Hi, this is the second "rhom" i have gotten. The first one turned out to be a ruby red spilo.

After looking at some pics, and based on the brightness of the red on my currents fish body, i am having doubts it is a rhom.


----------



## renderstream (Apr 10, 2004)

^^^


----------



## jackburton (Nov 25, 2003)

RHOM


----------



## Dr. Giggles (Oct 18, 2003)

clearer pic showing whole fish, need to see tail, and scutes will get you a better guesstimate.


----------



## xplosivelikec4 (May 10, 2004)

nothing wrong with compressus's they're some mean little suckers.


----------



## Rhombeus81 (Nov 23, 2004)

let me know the size of that piranha. its 50/50 its a rhomb. i have some thoughts on what else it might be. wory not about the red on the gills, its not untypical for a rhomb of a smaller size. let me know the size first off and ill let you know what species. my guess is its a rhomb...


----------



## hastatus (Jan 16, 2003)

> renderstream Posted on Nov 21 2004, 10:07 PM
> Hi, this is the second "rhom" i have gotten. The first one turned out to be a ruby red spilo.
> 
> After looking at some pics, and based on the brightness of the red on my currents fish body, i am having doubts it is a rhom.
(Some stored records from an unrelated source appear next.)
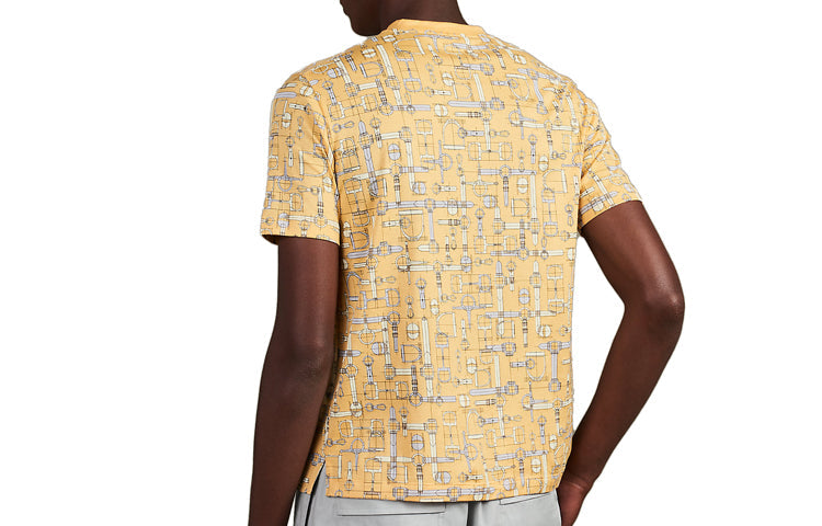 Men's HERMES Labyrinthe Equestre Full Print Pattern Printing Round Neck Short Sleeve Yellow H037735-HA1Q
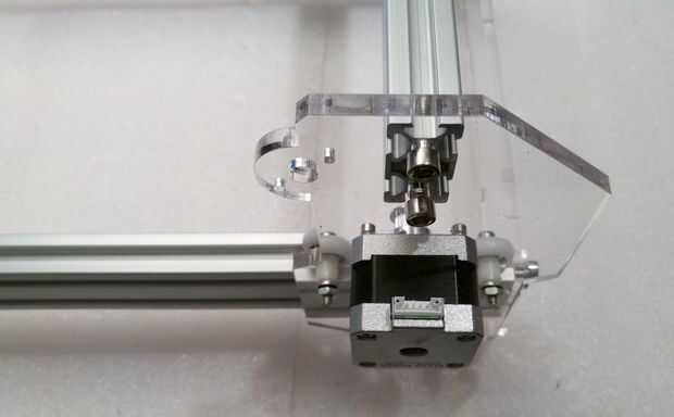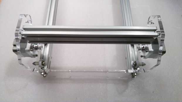 El Y.axis se mueve a lo largo del lado más largo del bastidor utilizando dos motores sincronizados. Ahora debemos montar el soporte de aluminio perfilado superior que sostiene el eje x y cabeza de láser del grupo y mantener los dos lados motores de eje y perfectamente alineados.
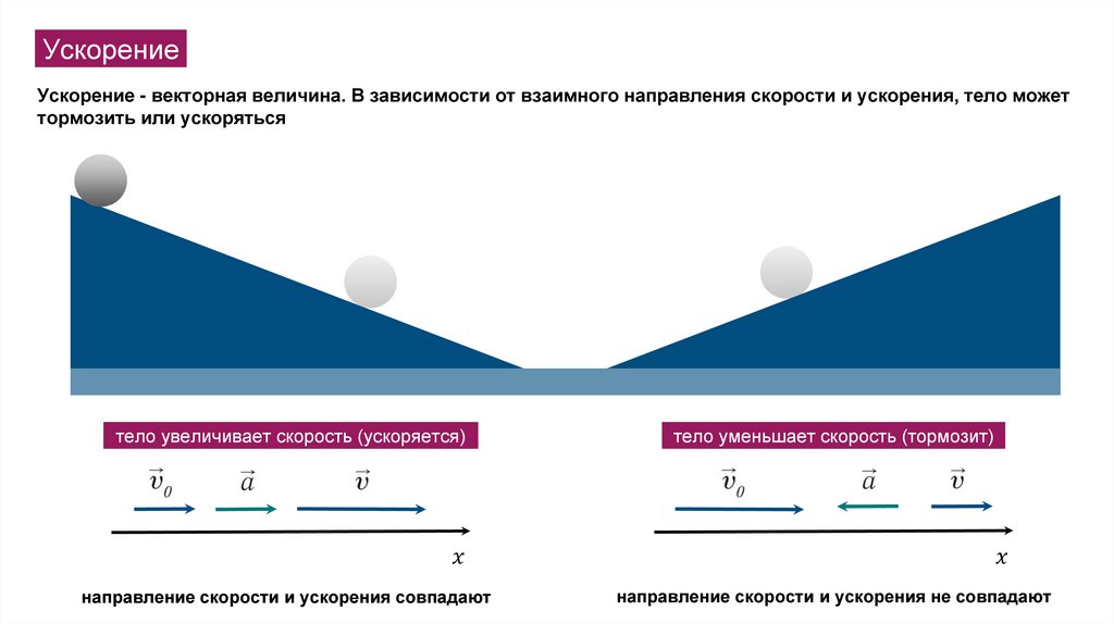 УскорениеУскорение - векторная величина. В зависимости от взаимного направления скорости и ускорения, тело может
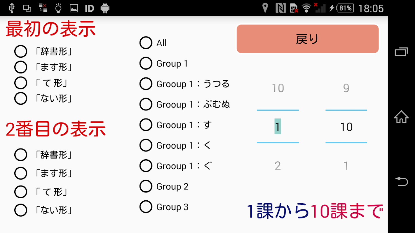日本語初級者向けのフラッシュカード型の動詞活用練習アプリです。 「辞書形」「ます形」「て形」「ない形」の相互変換練習ができます。7インチ、10インチタブレットに対応しました。
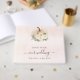 Ro guld, rosa övertoningsbakgrund. Dekorerad med en kräm-färgad och blommor. Anpassa och lägg till namnen. Rygg: lägg till texten.
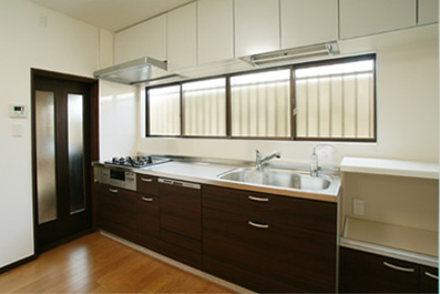 吊戸をホワイトにすることで天井と同化し、圧迫感を感じさせない広々とした印象のキッチンに。
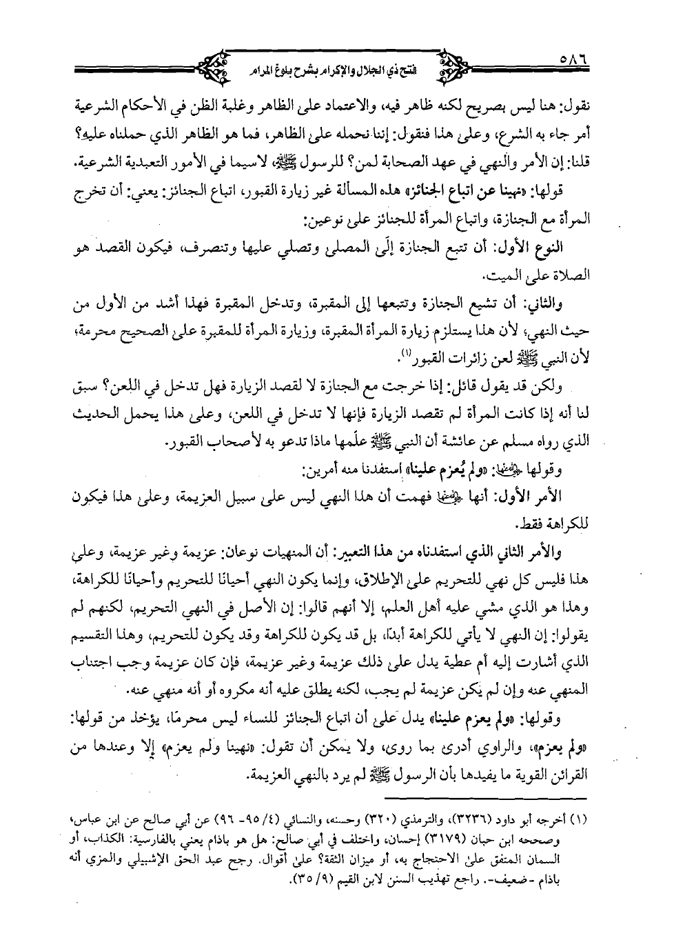 والأمر الثاني الذي استفدناه من هذا التعبير: أن المنهيات نوعان: عزيمة وغير عزيمة، وعلى هذا فليس كل نهي للتحريم على الإطلاق، وإنما يكون النهي أحيانًا للتحريم وأحيانًا للكراهة، وهذا هو الذي مشي عليه أهل العلم، إلا أنهم قالوا: إن الأصل في النهي التحريم، لكنهم لم يقولوا: إن النهي لا يأتي للكراهة أبدًا، بل قد يكون للكراهة وقد يون للتحريم، وهذا التقسيم الذي أشارت إليه أم عطية يدل على ذلك عزيمة وغير عزيمة، فإن كان عزيمة وجب اجتناب المنهي عنه وإن لم يكن عزيمة لم يجب، لكنه يطلق عليه أنه مكروه أو أنه منهي عنه.
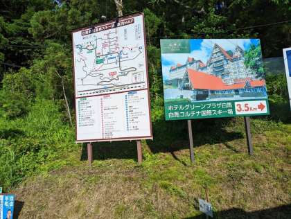 バスでの移動のたびに目にした、ホテルグリーンプラザ白馬まで、3.5kmの看板ともお別れです。2日間ありがとうございました。
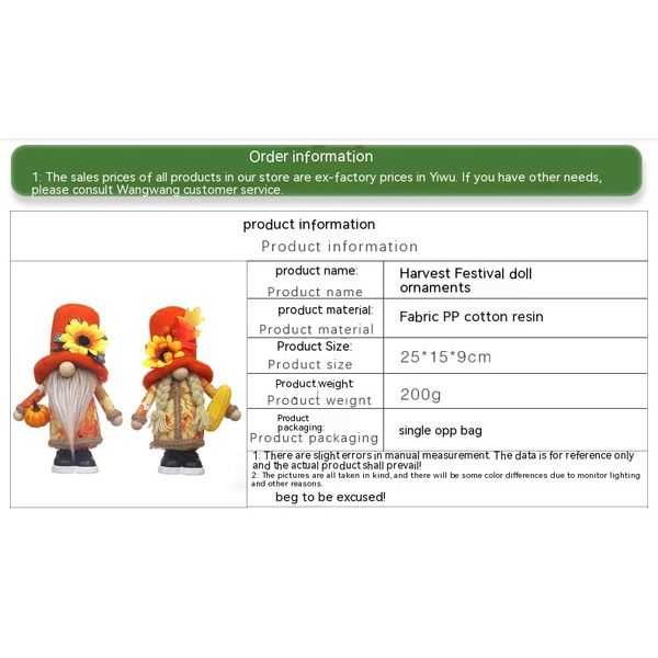 Product information:Color: Men's pumpkin forest decoration, women's corn forest decorationMaterial: cloth Size: 25*15 * 9CM

Its not possible to have a good ID on a poor photo. What you will get is what you are seeing "guesses" and my opinion is most will "guess" wrong until a better photo is posted.


----------



## renderstream (Apr 10, 2004)

ok lots of new pics for a better ID!!

Let me know what this fish is


----------



## renderstream (Apr 10, 2004)

here is his tail as requsted


----------



## hastatus (Jan 16, 2003)

Young fish are always difficult (particularly some Serrasalmus sp.) to tell apart. I suspect your fish might be a compressus species because of the appearance of what looks like ovals (or bars) scattered on the flank. The red blemish on the opercle (cheek) also seems to indicate a compressus member, along with the high dorsal fin. I would allow the fish to grow out more to see if the body spotting pattern enhances more to show uniformity of spots and bars or just spots.


----------



## renderstream (Apr 10, 2004)

now that you mention it, he looks stunningly similar to this pic: http://www.piranha-fury.com/photopost/data...mpressus_03.jpg

so is there no way to get a positive ID at this age/size?


----------



## hastatus (Jan 16, 2003)

Unfortunately, not without the fish (alive) being actually in front of me (or studied = dead). Just give it more time to grow out.


----------



## renderstream (Apr 10, 2004)

Hi, i got a better shot, perhaps you can give it another try?

Someone mentioned the compressus haveing scutes or comb like pattern on his underside. I see something that looks like it.

Please take a look:

http://67.18.107.165/~renderst/piranha.gif

Also what possible species is this serra?


----------



## Le Tautai (Nov 2, 2004)

cute lil fella


----------



## hastatus (Jan 16, 2003)

The fish to the link is S. sanchezi.


----------



## renderstream (Apr 10, 2004)

the fish in the link is the same as the one i posted before. So is this near 100% sanchezi?


----------